The way that NAD+ functions as an enzyme cofactor depends on the enzyme. First, NAD+ helps to catalyze ‘redox’ (reduction-oxidation) reactions by accepting electrons from other compounds and molecules, becoming reduced (gaining electrons) in the process and forming the compound NADH. The reduction of NAD+ to NADH is critical for a number of enzymes and pathways associated with metabolic regulation and energy homeostasis.

Second, some enzymes consume NAD+ in the course of carrying out their catalytic function, converting NAD+ into other forms. In many cases, NAD+-consuming enzymes convert NMN to nicotinamide, which can later be recycled back to NMN. Some examples are the class of enzymes known as sirtuins, which have anti-aging activity,^[11] and poly (ADP-ribose) polymerases (PARPs), which help to repair DNA damage.

NAD+ levels decrease during aging through two main mechanisms.
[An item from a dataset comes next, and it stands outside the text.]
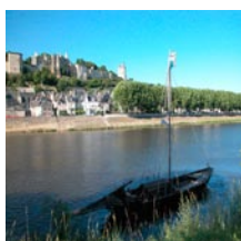
La Vienne à Chinon-37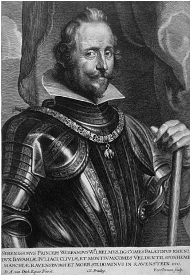
Pfalzgraf Wolfgang Wilhelm

Wolfgang Wilhelm, der den größten Teil seines Lebens in Düsseldorf verbrachte und über ein einigermaßen zersplittertes Territorium herrschte, gelang es, seinen Staat für neutral zu erklären. Viel wichtiger wurde das im Dreißigjährigen Krieg (1618 bis 1648), in dem die Fronten nie ganz klar waren und der eigentliche Grund des Krieges auch nicht. Heimlich zum Katholizismus konvertiert lavierte der Herzog zwischen den Mächten und erreichte es, dass die Stadt selbst beinahe vollständig vom Krieg verschont blieb, ohne je militärisch eingegriffen zu haben. Tatsächlich begründete er erst 1615 eine kleine Garnison mit einem winzigen „stehenden Heer“ von gerade einmal dreihundert Mann. Dass überhaupt Militär in die Stadt kam, führte übrigens zu einer der größten Katastrophen in der Geschichte Düsseldorfs: Am 10. August 1634 explodierte aufgrund von Blitzschlag der Pulverturm am Nordwestende der Stadtmauer und legte weite Teil der Stadt in Schutt und Asche.

The first one is reduced biosynthesis—the older we get, the less NAD+ is produced by the body, possibly due to oxidative stress and chronic inflammation.^[15] The second mechanism is thought to be increased NAD+ consumption. Increased activity of NAD+-dependent enzymes, coupled with a decreased total pool of available NAD+, creates a situation where there’s not enough NAD+ to support maximal function of the dependent enzymes. For example, DNA damage tends to increase during aging, causing PARP enzymes to consume more NAD+, leaving less of this cofactor available to support the function of other enzymes, such as the sirtuins.